Раздраженная Кейт покинула совещание, сильно обеспокоенная за судьбу страны. Ее, кроме того, тревожило, что будет с Бандой. Газеты много писали о нем, называя «человеком-невидимкой», и в этом прозвище звучало невольное восхищение. Бэнде удавалось скрыться от полиции, переодевшись то рабочим, то шофером, то швейцаром. Он организовал партизанский отряд, и в списке разыскиваемых преступников его имя стояло первым. Газета «Кейп Тайме» расписывала, как ликующие демонстранты несли Бэнду на своих плечах по улицам негритянского поселка. Он ходил от деревни к деревне, собирая толпы восторженных почитателей, но каждый раз, когда полиция нападала на след, Бэнде удавалось ускользнуть. Говорили, что у него десятки телохранителей-друзей, последователей, учеников. Он никогда не ночует дважды в одном доме. Кейт знала, что ее друга ничто не остановит, кроме смерти. Она должна, должна была с ним увидеться.
Вызвав одного из старейших десятников-негров, которому полностью доверяла, Кейт спросила:
– Вильям, ты не можешь найти Бэнду?
– Только если он сам этого захочет.
– Попытайся! Мне очень нужно с ним встретиться.

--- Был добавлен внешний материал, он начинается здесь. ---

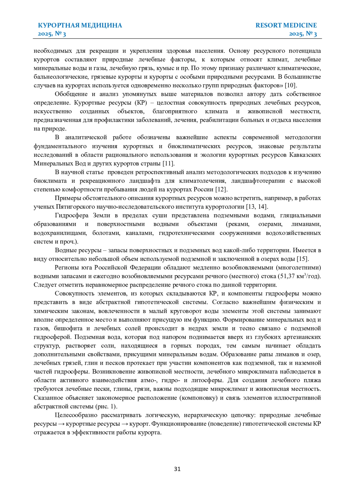 1. Разумов А. Н. Методологические и научные основы курортологии на современном этапе развития науки. Курортная медицина. 2020; 4: 5-12.

– Попробую помочь вам, миссис Блэкуэлл.
На следующее утро десятник вновь появился в доме Кейт:
– Если вы свободны сегодня вечером, автомобиль будет ждать у дома.
Она кивнула.
Кейт отвезли в маленькую деревню в семидесяти милях к северу от Йоганнесбурга. Водитель остановился перед маленьким каркасным домиком. Она вышла, Бэнда уже ждал ее. Он нисколько не изменился и выглядел точно так же, как и во время их последней встречи. И хотя много лет вел жизнь беглеца и изгнанника, казался спокойным и невозмутимым, а ведь ему было уже под шестьдесят.
Обняв Кейт, Бэнда с восхищением покачал головой:
– Ты с каждым днем становишься все прекраснее!
– Старею, – засмеялась Кейт. – Через несколько лет мне исполнится сорок!
– Время не властно над тобой, Кейт. Они вошли в кухню, и, пока Бэнда варил кофе, Кейт задумчиво спросила:
– Мне совсем не нравится то, что происходит, Бэнда. К чему это приведет?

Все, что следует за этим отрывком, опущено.